- _The task_
For the copy, please give all of the data again exactly and leave the pictures out.

- _Dataset excerpts_
-- Opening Marker --

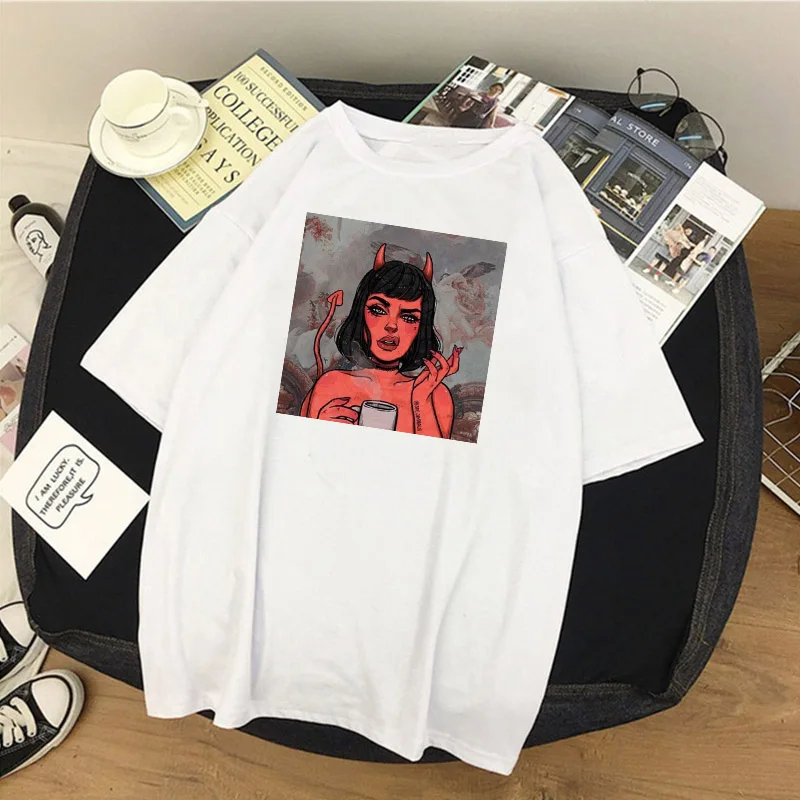 Футболка женская оверсайз с принтом "Защитите меня от дьявола", винтажная рубашка в стиле Харадзюку, топ с коротким рукавом, на лето
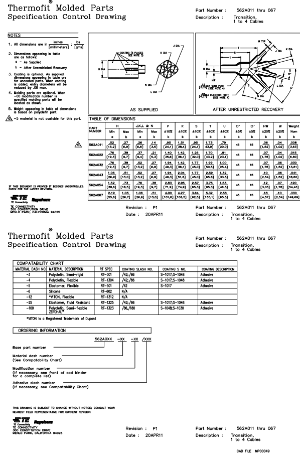562A011-25-0熱縮管常廣泛用于后面無線電源接連器封閉、分線點、和無線電源接連器到電纜線等使用,在攻沙、中國航空和新再生能源范疇TE/raychem瑞侃熱縮管總是仍處于領導人地方
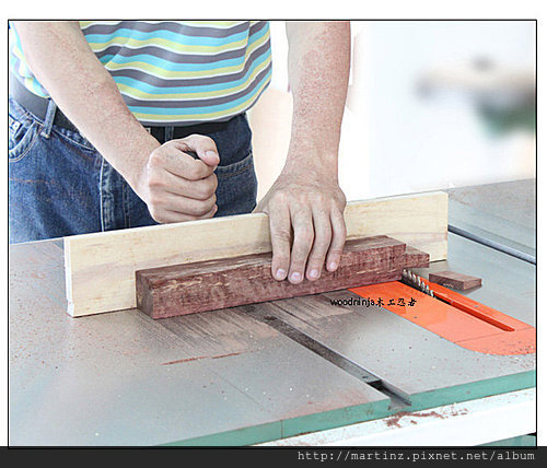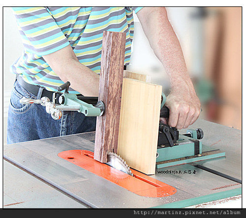 鋸片只能往一側傾斜,另一側的榫肩,就必須將木料放到鋸片的另一側,來進行,先對準再啟動推送。
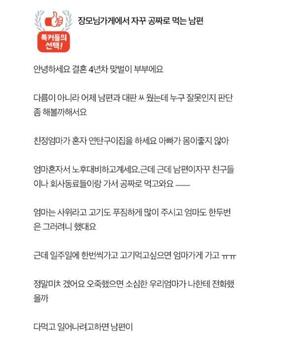 리와인드뉴스장모님 가게에서 자꾸 공짜로 먹는 남편..위키뉴스 기자입력북마크공유가글자크기프린트댓글 장모님 가게에서 자꾸 공짜로 먹는 남편.. 이런 경우는 어떡해야됨? ㄷㄷ 위키뉴스 기자[email protected]카카오톡페이스북트위터밴드URL복사
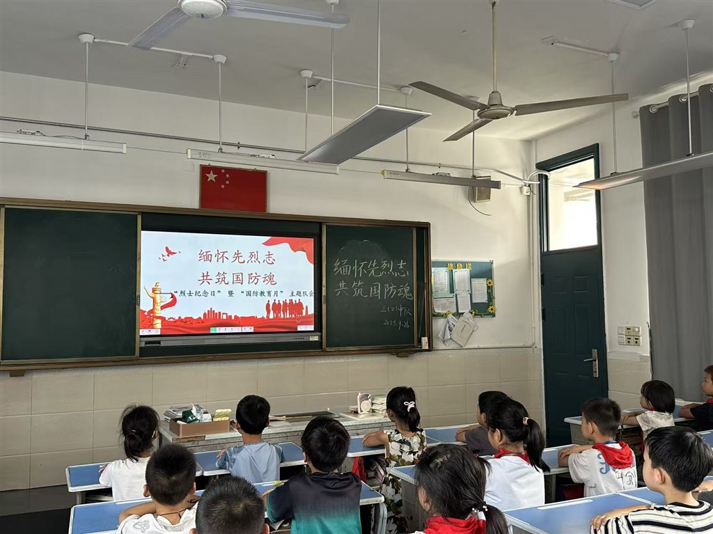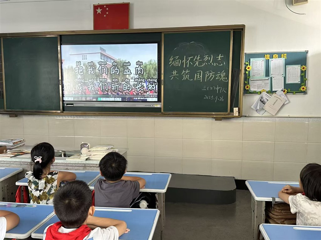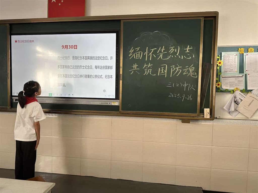 同学们在认真听班长读“烈士纪念日”的由来。
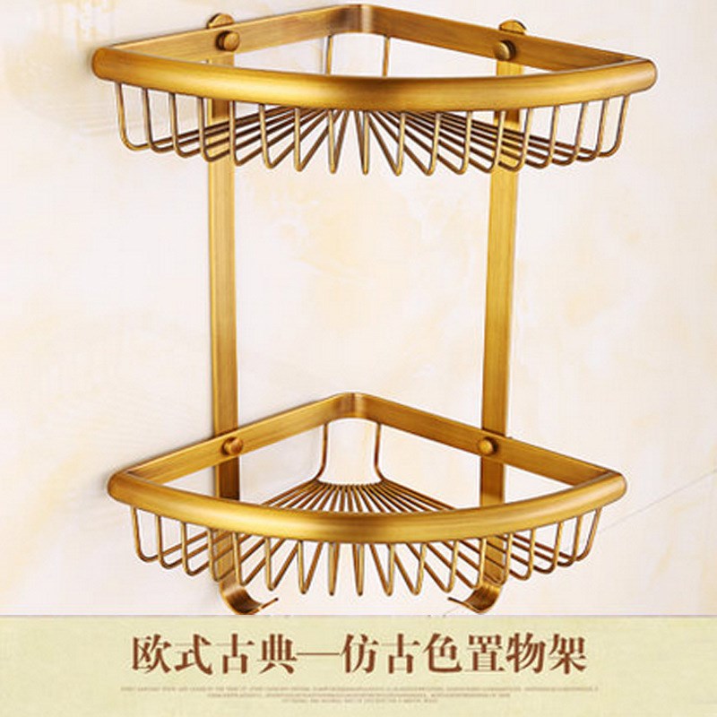 全铜三角篮卫生间三角架 金色转角架壁挂 双层网篮置物架浴室挂件
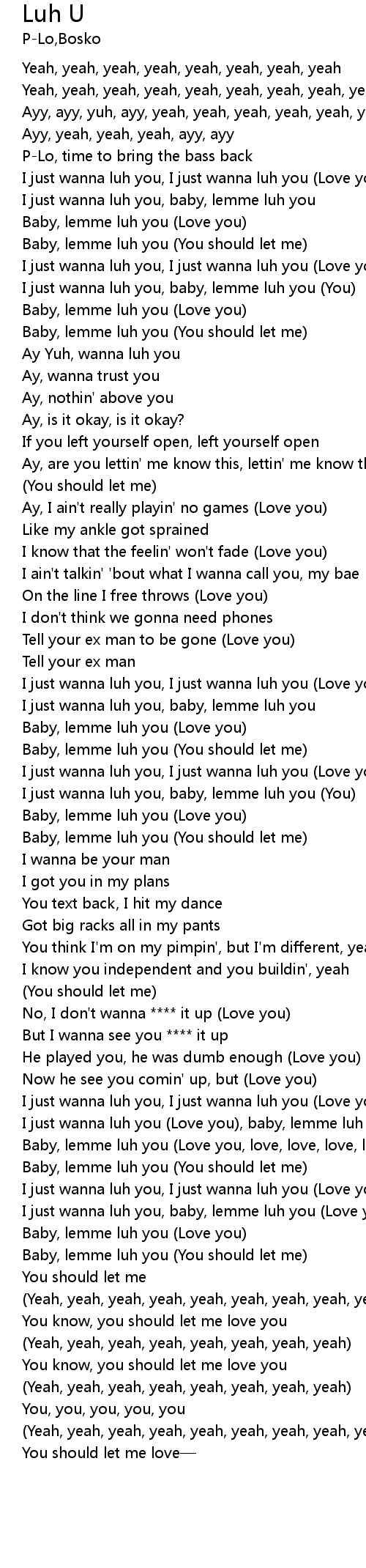| [00:34.87] | I just wanna luh you, baby, lemme luh you You |
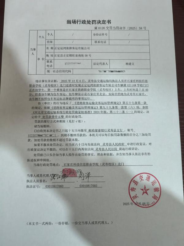 灵寿县交通运输局当场行政处罚决定书冀0126交罚当罚决字〔2025〕58号
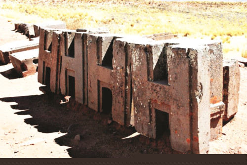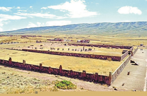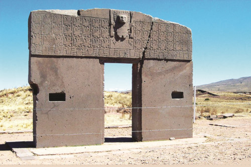 Cổng vào khu quần thể đền Kalasasaya tại Tiwanaku, có bậc chỉ làm từ một phiến đá nguyên khối dài đến 10m.
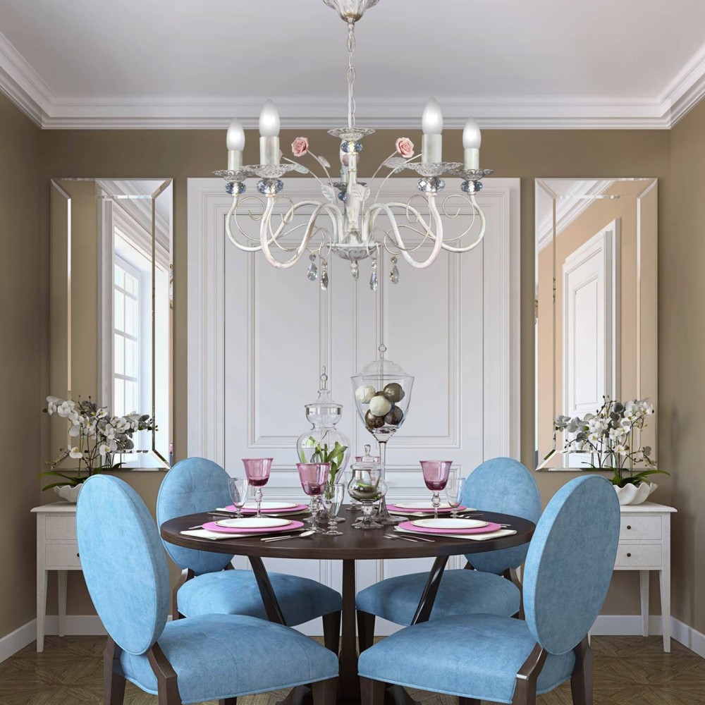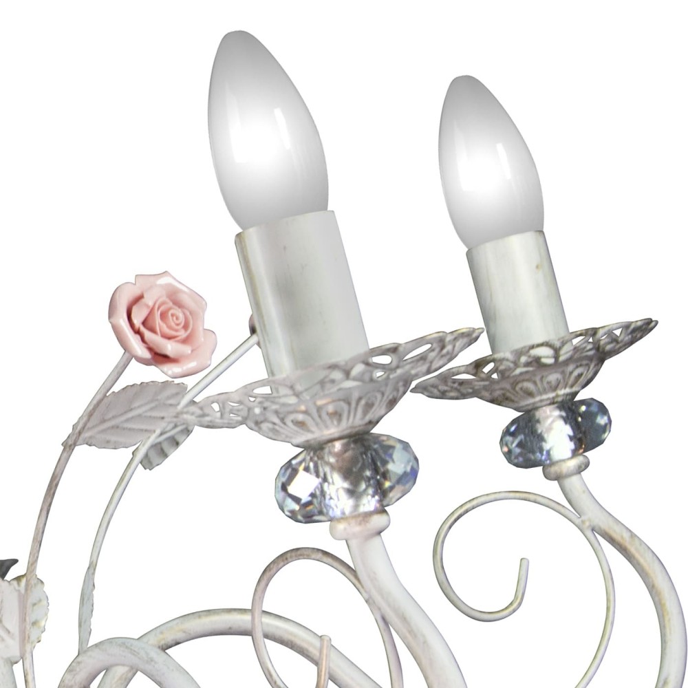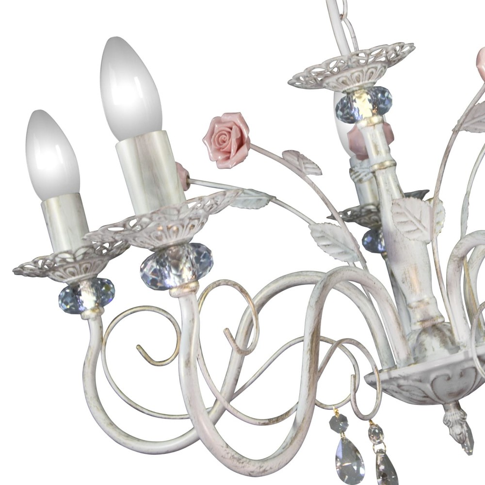 Изысканные розовые розы, выполненные из хрусталя, являются главным украшением люстры. Они добавляют ей романтичности и женственности.
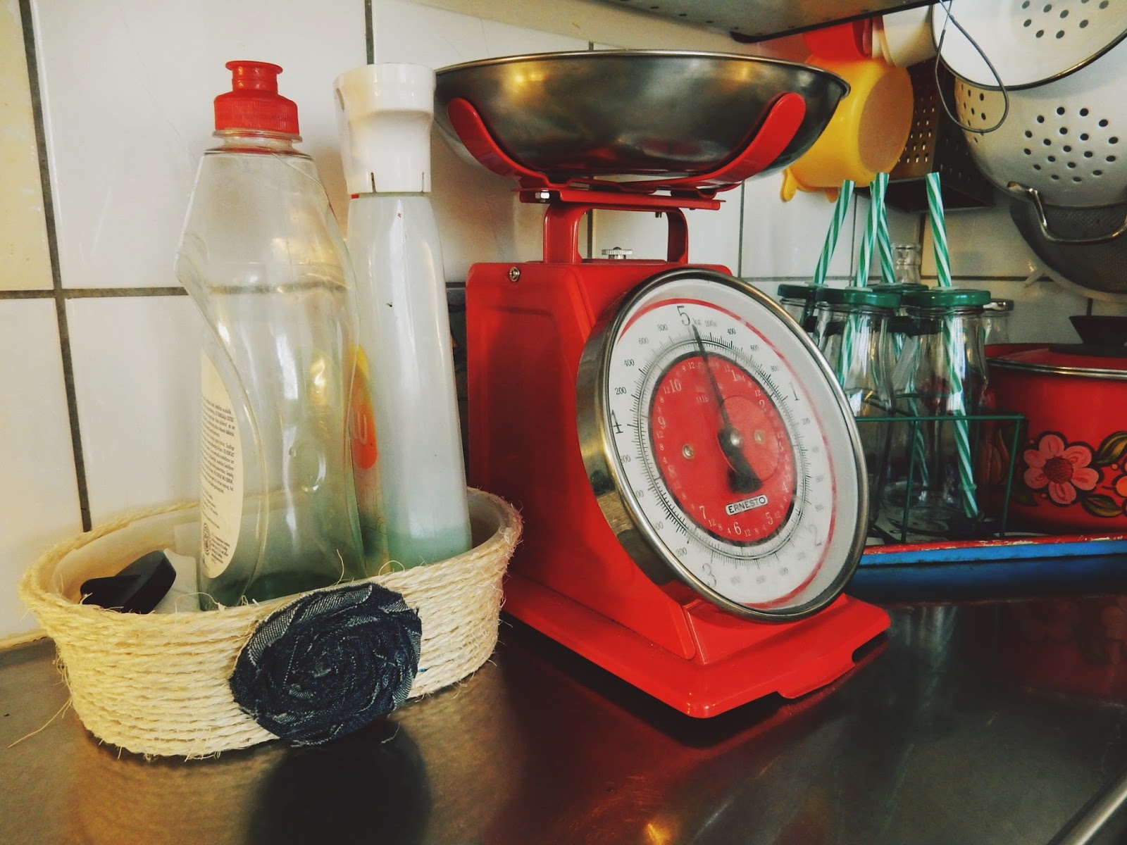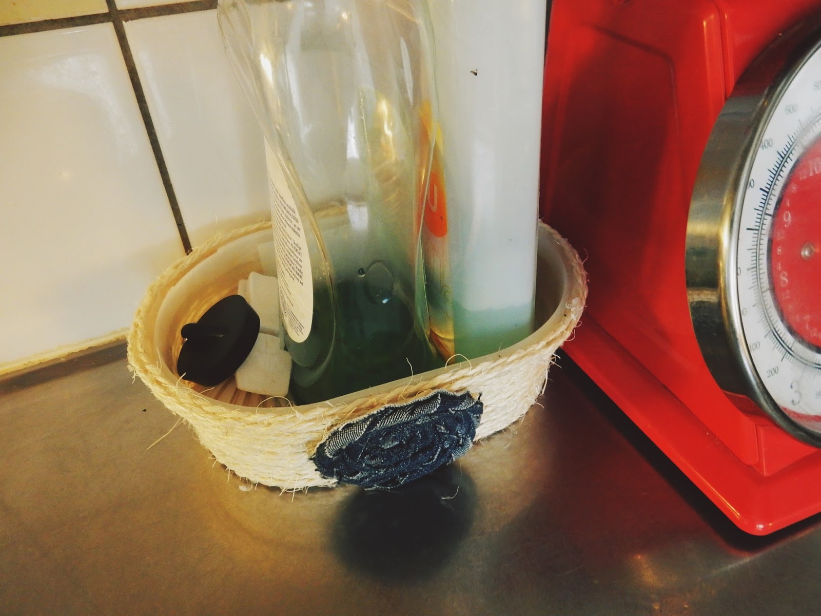 Joskus on säästää asioita vain ihan sen vuoksi, että niitä voi tarvita. Näin täpahtui tällä kerralla ja lopputuloksena oli jäätelöpurkista teline tiskiaineille. Meillä on nimittäin todella hankala säilyttää mitään allaskaapissa.
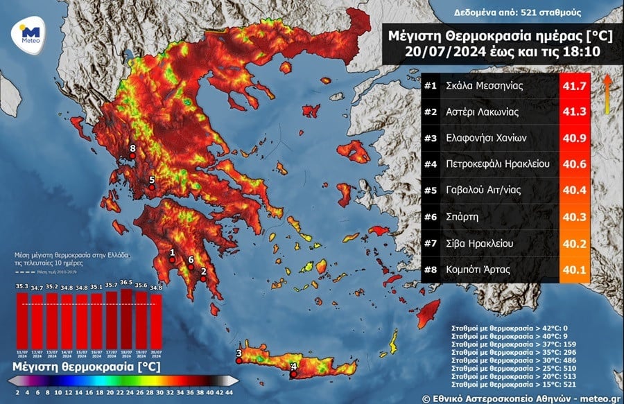 Σύμφωνα με το meteo, η μέγιστη θερμοκρασία το Σάββατο σημειώθηκε στη Σκάλα Λακωνίας με 41,7 βαθμούς Κελσίου ενώ ακολούθησε το Αστέρι Λακωνίας με 41,3 βαθμούς Κελσίου,

-- Closing Marker --

- _Answer to this exercise_
 Футболка женская оверсайз с принтом "Защитите меня от дьявола", винтажная рубашка в стиле Харадзюку, топ с коротким рукавом, на лето
562A011-25-0熱縮管常廣泛用于后面無線電源接連器封閉、分線點、和無線電源接連器到電纜線等使用,在攻沙、中國航空和新再生能源范疇TE/raychem瑞侃熱縮管總是仍處于領導人地方
 鋸片只能往一側傾斜,另一側的榫肩,就必須將木料放到鋸片的另一側,來進行,先對準再啟動推送。
 리와인드뉴스장모님 가게에서 자꾸 공짜로 먹는 남편..위키뉴스 기자입력북마크공유가글자크기프린트댓글 장모님 가게에서 자꾸 공짜로 먹는 남편.. 이런 경우는 어떡해야됨? ㄷㄷ 위키뉴스 기자[email protected]카카오톡페이스북트위터밴드URL복사
 同学们在认真听班长读“烈士纪念日”的由来。
 全铜三角篮卫生间三角架 金色转角架壁挂 双层网篮置物架浴室挂件
| [00:34.87] | I just wanna luh you, baby, lemme luh you You |
 灵寿县交通运输局当场行政处罚决定书冀0126交罚当罚决字〔2025〕58号
 Cổng vào khu quần thể đền Kalasasaya tại Tiwanaku, có bậc chỉ làm từ một phiến đá nguyên khối dài đến 10m.
 Изысканные розовые розы, выполненные из хрусталя, являются главным украшением люстры. Они добавляют ей романтичности и женственности.
 Joskus on säästää asioita vain ihan sen vuoksi, että niitä voi tarvita. Näin täpahtui tällä kerralla ja lopputuloksena oli jäätelöpurkista teline tiskiaineille. Meillä on nimittäin todella hankala säilyttää mitään allaskaapissa.
 Σύμφωνα με το meteo, η μέγιστη θερμοκρασία το Σάββατο σημειώθηκε στη Σκάλα Λακωνίας με 41,7 βαθμούς Κελσίου ενώ ακολούθησε το Αστέρι Λακωνίας με 41,3 βαθμούς Κελσίου,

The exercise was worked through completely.